Falsification tests are possible here as well: there was no jump in college enrollment among children too old to have profited from the increased Head Start funding (i.e., the 25-to 34-year-olds in the 1990 census), nor in the 1970 college attendance rates of the parents of cohort-eligible children. Taken together, the historical evidence gleaned from census and administrative sources, but concentrated on counties just above and below the 300-county OEO cutoff, points to an assortment of benefits that likely more than outweighed the costs of the program (Ludwig and Miller 2007).
A PLACE FOR A POPULATION PERSPECTIVE IN CAUSAL RESEARCH
Ludwig and Miller may have produced an elegant estimate of Head Start impacts, but it is hardly a general one: the exogenous variation in Head Start spending they exploited applies to Head Start centers operating more than 30 years ago, in counties with poverty rates just above or below 59%. Whether their estimated impacts hold true in more affluent areas, or in more recent years, is a matter of considerable speculation.
More generally, the highly selective nature of natural experiments, sibling fixed effects, instrumental variables, and similar approaches may reduce bias, but they suffer from a damaging loss in external validity. By burrowing deep within population data, these techniques sacrifice their population-wide perspective on causal effects. As promising as natural experiments may be, therefore, they do not begin to provide a full population perspective on causal impacts. What to do?

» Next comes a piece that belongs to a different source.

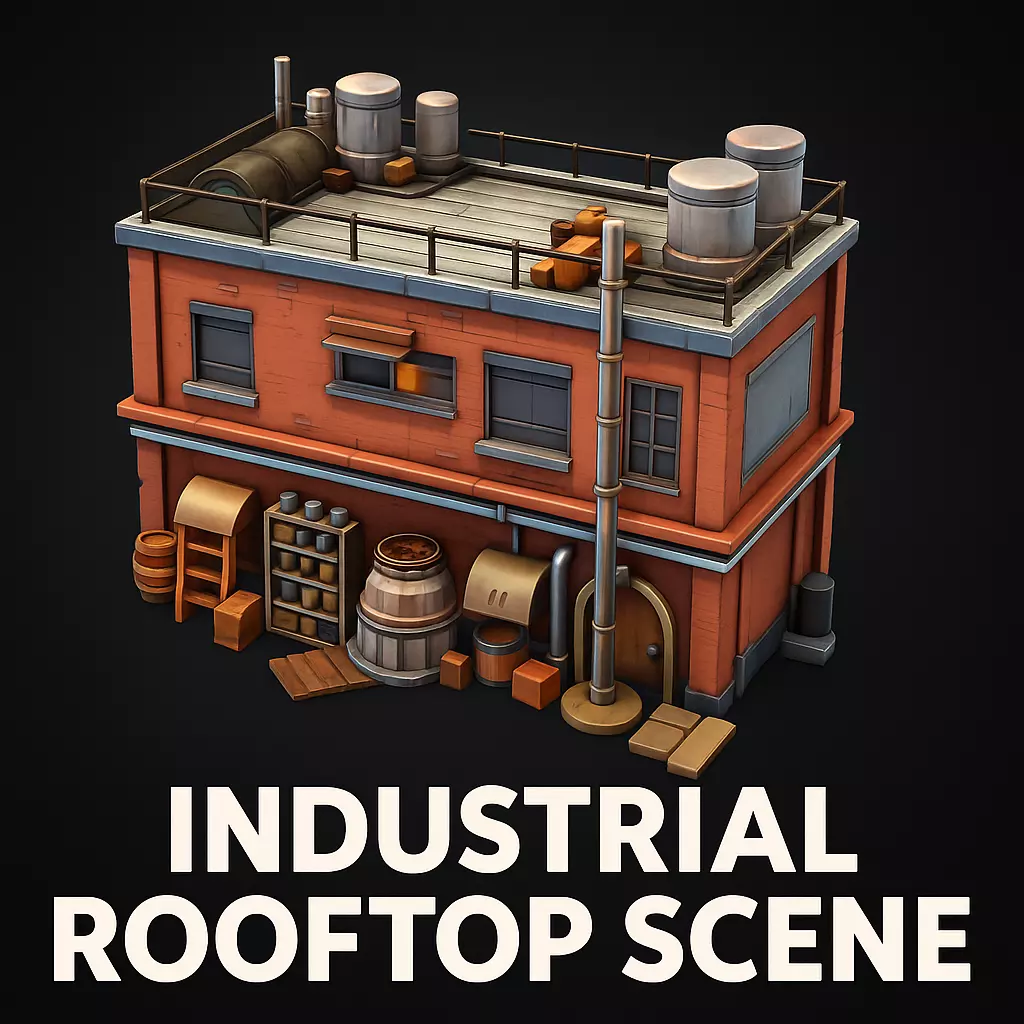 The Industrial Rooftop Scene is a high-quality stylized 3D model depicting a compact factory building filled with realistic details and handcrafted charm. Designed to capture the gritty yet functional aesthetic of an industrial district, this model features a two-story brick structure complete with rooftop machinery, metal pipes, tanks, vents, and various workshop props. Each element contributes to the sense of a living, working environment—perfect for storytelling, animation, or immersive urban backdrops.

Stepping back, we see that the holy grail of a population perspective on causation needs to solve three disparate problems:
Population-wide data have the potential to provide causal estimates for whole populations and their policy-relevant subgroups, but population regressions typically fail to provide unbiased estimates of causal impacts.
“Natural experiments” may generate arguably unbiased causal estimates, but often only for small and idiosyncratic subgroups of the population, such as twins or, in the case of Ludwig and Miller (2007), individuals residing in counties with poverty rates around 59%.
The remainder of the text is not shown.